Unsanitary practices led to listeria, FDA report says
Farm’s equipment was contaminated
WASHINGTON – Pools of water on the floor and old, hard-to-clean equipment at a Colorado farm’s cantaloupe-packing facility were probably to blame for the deadliest outbreak of foodborne illness in 25 years, the Food and Drug Administration said Wednesday.
Government investigators found positive samples of listeria bacteria on equipment in the Jensen Farms packing facility and on fruit that had been held there.
In a six-page assessment of the conditions at the farm based on investigators’ visits in September, the FDA said Jensen Farms had recently purchased used equipment that was corroded, dirty and hard to clean. The packing facility floors were also constructed so they were hard to clean, so pools of water potentially harboring the bacteria formed close to the packing equipment.
The dirty equipment – purchased in July, the same month the outbreak started – was previously used to wash and dry potatoes, the agency said, and the listeria “could have been introduced as a result of past use of the equipment,” according to the report.
FDA officials said that they are not concerned about similar listeria contamination in the potatoes that were previously processed on the equipment because those vegetables are rarely eaten raw. Cooking can kill the bacteria.
A warning letter from the agency to Jensen Farms said that a third of 39 swabs taken throughout the facility tested positive for listeria.
“This significant percentage of swabs that tested positive for outbreak strains of (listeria) demonstrates widespread contamination throughout your facility and indicates poor sanitary practices in the facility,” the letter said.
Though the agency said the contamination likely happened in the packing house, the way the cantaloupes were cooled after being picked may have exacerbated the listeria growth. The farm did not use a process called “pre-cooling” that is designed to remove some condensation, thus creating moist conditions on the cantaloupe rind that are ideal for listeria bacteria growth. Listeria grows in cool environments, unlike most pathogens.
FDA said that samples of cantaloupes in Jensen Farms’ fields were negative for listeria, but bacteria coming off the field may have initially introduced the pathogen into the open-air packing house, where it then spread. Listeria contamination often comes from animal feces or decaying vegetation.
Another possible source of contamination was a truck that frequently hauled cantaloupe to a cattle operation and was parked near the packing house.

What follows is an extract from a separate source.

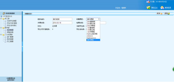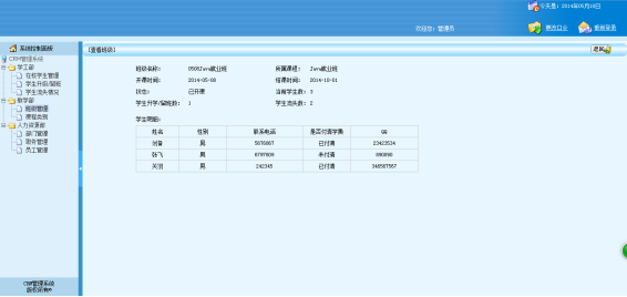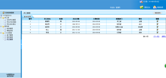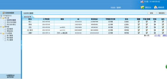 In general use in a computer software today, more and more software is closely related to life necessities, such as: enterprise schools, etc.A wide variety of software brings convenience for people's life, the ultimate goal of CRM system is to be a school and enterprise can more convenient for the personnel management platform.The core of this system is a management platform, and then based on the students and staff, gradually expand to other functions.From software conditions, this kind of person is ability to accept the strongest groups, among them are more likely to promote a new system;From the demand for a management platform officially in today's rapid development of the social need.This system adopts B/S mode, SSH framework, using HTML, JSP technology and mysql database technology, simple operation, easy management, convenience for the users and administrators.The system close to the college life can help college students to get to know more like-minded friends, to make college students life easier and more colorful.

The tainted fruit, which Jensen Farms recalled in mid-September, should be off store shelves by now.
FDA officials said Wednesday that the agency has never visited the farm to do an inspection. But that would likely change under a new food safety law signed by President Barack Obama earlier this year that boosts the number of inspections the FDA conducts annually. Currently, the agency may only visit a food facility every five or 10 years, at the most.
FDA officials said they have visited many food facilities over the years and the conditions at Jensen Farms were unique.
“There is no reason to believe these practices are indicative of practices throughout the industry,” said Sherri McGarry, a senior officer in FDA’s office of foods.
McGarry said the agency is still considering what enforcement actions it will take.